Не лишено интереса отметить: и учение о Троичности, переходящее в экзистенциальное учение, и утверждение отношения как чистого единства - все это становится ясным также и в применении к нам. Сущность личности в тринитарном определении состоит в том, что она есть чистое отношение и поэтому абсолютнейшее единство. Как легко понять, здесь нет никакого противоречия. Становится также яснее, что высшим единством обладает не "атом", не малейшая неделимая часть 61 , но только дух, включающий в себя взаимность любви. Поэтому единственность Бога, которую исповедует христианство, имеет в нем ничуть не меньшее значение, нежели в любой другой монотеистической религии, более того, оно впервые обретает в нем полноту своего величия. Сущность же христианской экзистенции состоит в том, чтобы воспринимать и переживать свое существование как соотнесенность и войти таким образом в то единство, которое составляет глубинную основу реальности.

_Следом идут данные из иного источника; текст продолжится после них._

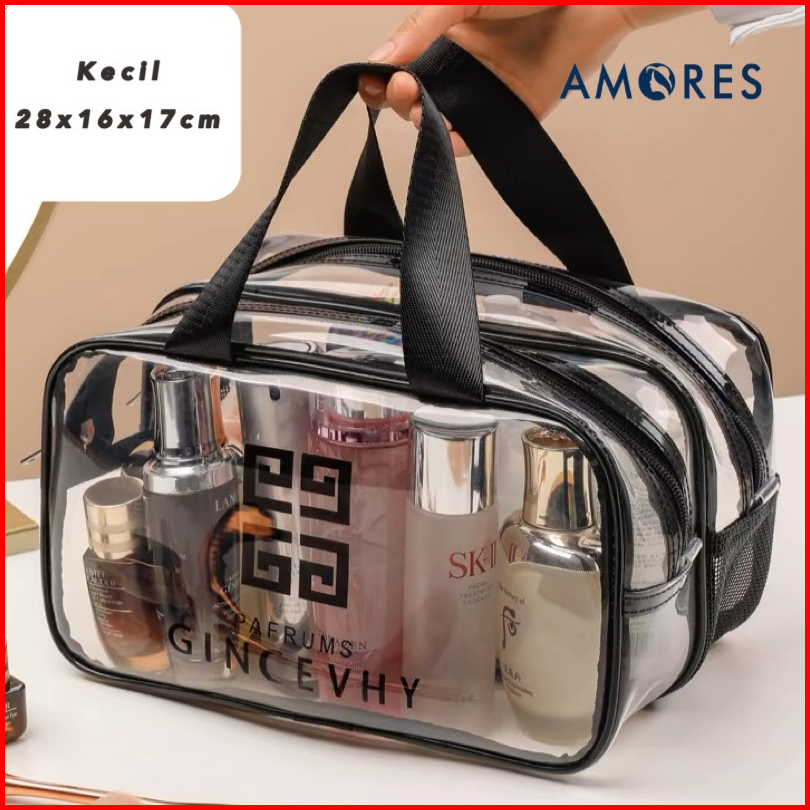 Tas Kosmetik Portable Travel Transparan Pouch Make Up Pouch Bahan Plastik Wash Bag Kapasitas Besar Tm 106

Все это позволяет увидеть, как правильно понятое учение о Троичности становится конструктивным центром богословия и христианского мышления вообще, центром, из которого исходят все остальные направления мысли.

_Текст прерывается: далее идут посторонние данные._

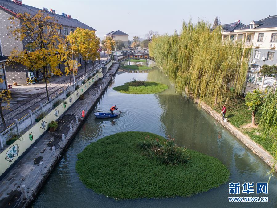 11月28日,長興縣虹星橋鎮(zhèn)港口村東港內(nèi),工作人員在打撈水面漂浮物(無人機拍攝)。東港全長1500米,環(huán)繞港口新村。2012年,新村建成后,港口村通過加固河岸、清理河道、種植浮草等方式對東港進行生態(tài)治理,并由該村黨總支書記孫根法擔(dān)任河長,定期開展巡查,引導(dǎo)村民自覺維護河道整潔。 新華社記者 徐昱 攝

Однако обратимся еще раз к Евангелию Иоанна, которое в этом вопросе оказывает нам решающую помощь. Вышеуказанное направление мысли полностью доминирует в его теологии. Помимо идеи сыновства, оно раскрывается в двух других христологических понятиях: в идее "посланничества" и в именовании Иисуса "Словом" (Логосом) Божиим. Теология посланничества опять-таки есть теология бытия как отношения и отношения как формы единства. Известно поздне-иудейское высказывание: "Посланник человека то же, что и сам человек" 62 . Иисус является у Иоанна как Посланник Отца, в Котором действительно исполняется то, к чему могли лишь приближаться все прочие посланники, и Он действительно полностью раскрывается в том, что Он есть Посланник ; только Он есть Посланник, который представляет другого, не привнося при этом ничего Своего. И будучи истинным посланником, Он един с Тем, Кто Его посылает. В понятии посланничества бытие снова истолковывается как бытие "от" и бытие "для"; бытие снова понимается как простая открытость, без всяких оговорок. И снова происходит расширение этой идеи на христианскую экзистенцию, когда говорится: "Как послал Меня Отец, так и Я посылаю вас" (20. 21; 13. 20; 17. 18). Подчинение этой экзистенции категории посланничества снова осмысляет ее как бытие "от" и бытие "для", как отнесенность, а тем самым - как единство.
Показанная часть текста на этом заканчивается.